YOUR ASSIGNMENT:
Print the data below exactly, but only the lines from the one containing "En el marco" down to the one containing "示例 : select", inclusive.

THE RECORDS:
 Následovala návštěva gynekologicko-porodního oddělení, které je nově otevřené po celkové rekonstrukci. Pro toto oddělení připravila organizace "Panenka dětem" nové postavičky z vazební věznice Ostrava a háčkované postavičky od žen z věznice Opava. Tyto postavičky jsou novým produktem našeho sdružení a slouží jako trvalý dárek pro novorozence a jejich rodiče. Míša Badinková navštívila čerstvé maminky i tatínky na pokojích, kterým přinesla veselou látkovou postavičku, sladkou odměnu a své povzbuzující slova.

==

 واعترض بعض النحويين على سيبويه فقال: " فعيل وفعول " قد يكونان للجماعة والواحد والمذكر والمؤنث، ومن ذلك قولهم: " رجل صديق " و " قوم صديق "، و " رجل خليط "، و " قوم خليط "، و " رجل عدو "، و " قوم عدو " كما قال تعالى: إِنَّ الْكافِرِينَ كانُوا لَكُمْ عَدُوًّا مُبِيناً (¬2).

--

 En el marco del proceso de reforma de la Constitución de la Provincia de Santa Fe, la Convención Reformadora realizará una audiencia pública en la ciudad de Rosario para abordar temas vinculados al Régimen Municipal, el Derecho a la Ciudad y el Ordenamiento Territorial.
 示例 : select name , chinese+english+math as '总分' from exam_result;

RESULT FOR THIS TASK:
 En el marco del proceso de reforma de la Constitución de la Provincia de Santa Fe, la Convención Reformadora realizará una audiencia pública en la ciudad de Rosario para abordar temas vinculados al Régimen Municipal, el Derecho a la Ciudad y el Ordenamiento Territorial.
 示例 : select name , chinese+english+math as '总分' from exam_result;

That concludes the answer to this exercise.